### PROMPT:
Please print, exactly, only the lines in the entries below from the line that has "幸田芦谷 I.C. 付近から蒲郡西 I.C. 方面を望む (平成26年2月撮影)" through the line that has "ilmselgelt parimaks meelelahutuseks". Pictures don't go in.
[[ SUPPLIED MATERIAL open ]]
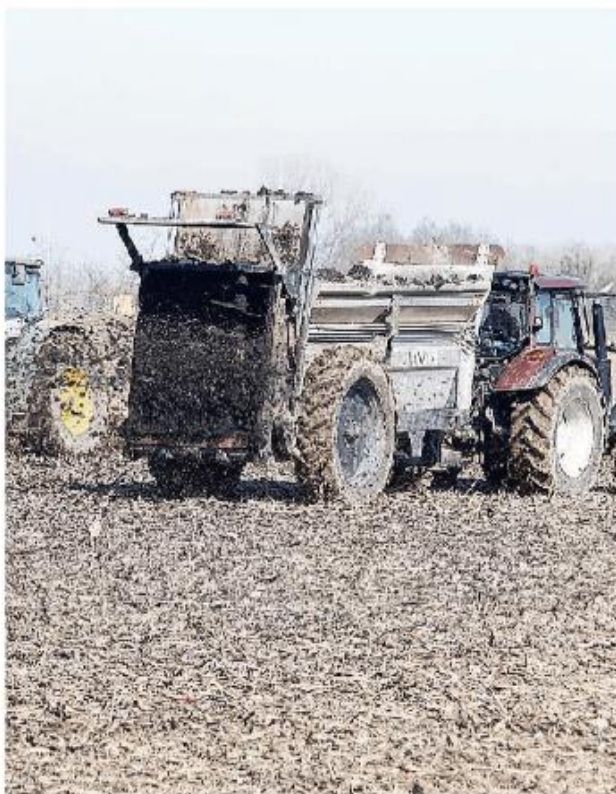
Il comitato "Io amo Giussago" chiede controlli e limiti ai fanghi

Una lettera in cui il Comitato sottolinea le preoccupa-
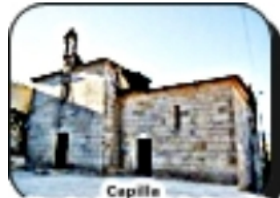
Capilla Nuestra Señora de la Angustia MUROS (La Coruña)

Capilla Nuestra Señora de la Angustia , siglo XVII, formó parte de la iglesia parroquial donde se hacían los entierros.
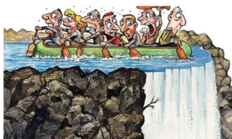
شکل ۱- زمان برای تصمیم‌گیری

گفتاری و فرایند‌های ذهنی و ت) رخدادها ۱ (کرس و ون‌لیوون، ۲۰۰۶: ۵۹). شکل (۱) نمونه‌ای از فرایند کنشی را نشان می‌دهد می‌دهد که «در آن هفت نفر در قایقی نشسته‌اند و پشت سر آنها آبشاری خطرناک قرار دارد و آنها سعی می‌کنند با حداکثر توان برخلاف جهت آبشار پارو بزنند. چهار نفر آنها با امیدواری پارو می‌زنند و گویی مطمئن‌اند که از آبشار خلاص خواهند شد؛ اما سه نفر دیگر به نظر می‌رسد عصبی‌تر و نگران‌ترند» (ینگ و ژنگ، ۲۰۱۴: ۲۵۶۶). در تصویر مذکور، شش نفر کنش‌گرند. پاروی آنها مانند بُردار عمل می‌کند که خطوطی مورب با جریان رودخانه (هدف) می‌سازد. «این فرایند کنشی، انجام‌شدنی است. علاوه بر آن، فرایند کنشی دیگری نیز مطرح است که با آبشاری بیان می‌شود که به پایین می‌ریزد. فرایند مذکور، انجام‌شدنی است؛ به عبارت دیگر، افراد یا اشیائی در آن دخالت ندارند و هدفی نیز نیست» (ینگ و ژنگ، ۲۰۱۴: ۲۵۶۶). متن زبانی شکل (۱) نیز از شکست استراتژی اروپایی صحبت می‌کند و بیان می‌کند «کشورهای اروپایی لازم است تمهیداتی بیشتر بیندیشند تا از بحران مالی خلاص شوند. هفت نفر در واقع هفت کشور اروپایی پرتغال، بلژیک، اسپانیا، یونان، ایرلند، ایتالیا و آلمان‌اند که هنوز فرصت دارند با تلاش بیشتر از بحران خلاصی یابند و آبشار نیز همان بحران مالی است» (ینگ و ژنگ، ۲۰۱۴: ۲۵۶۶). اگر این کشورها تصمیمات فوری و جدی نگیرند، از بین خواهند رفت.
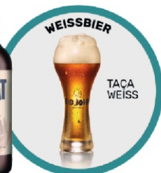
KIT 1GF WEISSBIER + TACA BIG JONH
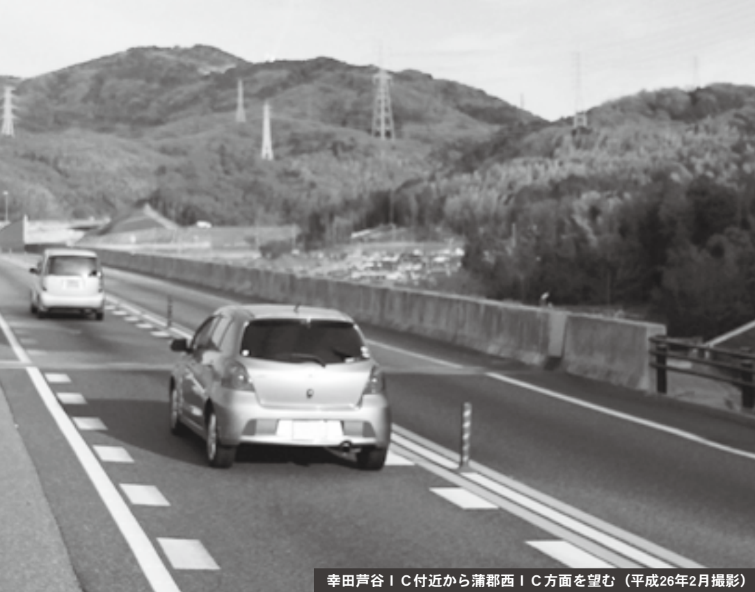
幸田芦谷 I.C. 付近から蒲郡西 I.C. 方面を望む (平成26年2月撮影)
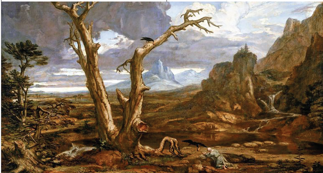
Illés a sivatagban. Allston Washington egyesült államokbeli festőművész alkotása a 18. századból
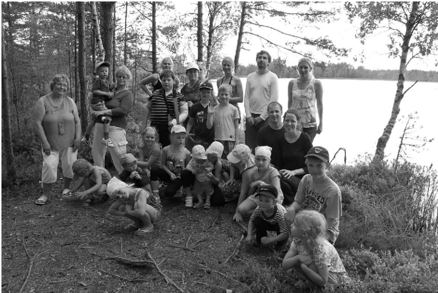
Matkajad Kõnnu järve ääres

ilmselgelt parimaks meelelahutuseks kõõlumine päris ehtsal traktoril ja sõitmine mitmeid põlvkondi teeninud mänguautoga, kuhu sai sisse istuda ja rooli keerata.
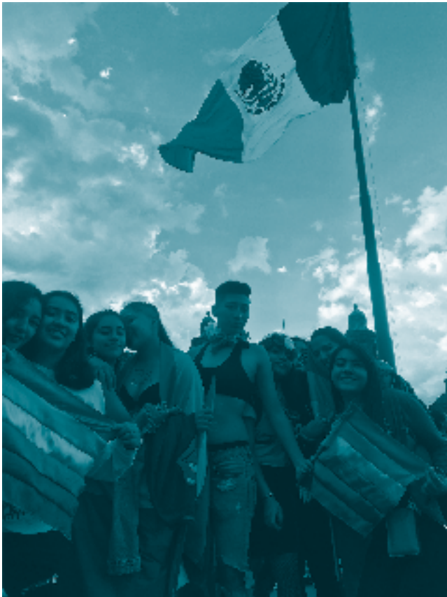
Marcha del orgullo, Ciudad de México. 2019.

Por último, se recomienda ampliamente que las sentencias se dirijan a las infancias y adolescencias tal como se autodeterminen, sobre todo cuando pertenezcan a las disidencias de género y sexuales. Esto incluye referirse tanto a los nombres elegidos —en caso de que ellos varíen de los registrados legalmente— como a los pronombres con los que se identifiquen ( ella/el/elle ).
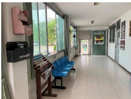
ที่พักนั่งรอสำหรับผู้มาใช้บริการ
[[ SUPPLIED MATERIAL closed ]]
[[ SUPPLIED MATERIAL open ]]
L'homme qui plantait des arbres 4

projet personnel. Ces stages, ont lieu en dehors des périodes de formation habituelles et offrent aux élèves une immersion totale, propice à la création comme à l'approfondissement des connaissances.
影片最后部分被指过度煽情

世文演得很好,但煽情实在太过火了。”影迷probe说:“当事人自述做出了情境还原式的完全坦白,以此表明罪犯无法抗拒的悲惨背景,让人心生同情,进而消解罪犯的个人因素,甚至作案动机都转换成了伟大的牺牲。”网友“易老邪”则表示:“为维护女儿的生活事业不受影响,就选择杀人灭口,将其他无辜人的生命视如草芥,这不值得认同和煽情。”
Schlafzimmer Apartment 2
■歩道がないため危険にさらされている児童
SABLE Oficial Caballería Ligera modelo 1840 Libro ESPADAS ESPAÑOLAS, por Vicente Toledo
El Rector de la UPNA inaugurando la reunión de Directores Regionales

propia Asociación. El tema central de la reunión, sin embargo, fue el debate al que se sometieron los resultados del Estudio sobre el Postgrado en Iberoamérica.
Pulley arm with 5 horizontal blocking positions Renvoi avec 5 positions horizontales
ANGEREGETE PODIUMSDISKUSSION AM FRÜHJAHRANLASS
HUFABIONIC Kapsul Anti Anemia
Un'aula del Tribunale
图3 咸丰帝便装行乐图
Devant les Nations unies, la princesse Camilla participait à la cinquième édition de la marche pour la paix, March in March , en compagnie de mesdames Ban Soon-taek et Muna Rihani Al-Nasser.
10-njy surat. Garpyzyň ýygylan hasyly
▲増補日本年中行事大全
[[ SUPPLIED MATERIAL closed ]]
### EXPECTED ANSWER:
幸田芦谷 I.C. 付近から蒲郡西 I.C. 方面を望む (平成26年2月撮影)
Illés a sivatagban. Allston Washington egyesült államokbeli festőművész alkotása a 18. századból
Matkajad Kõnnu järve ääres

ilmselgelt parimaks meelelahutuseks kõõlumine päris ehtsal traktoril ja sõitmine mitmeid põlvkondi teeninud mänguautoga, kuhu sai sisse istuda ja rooli keerata.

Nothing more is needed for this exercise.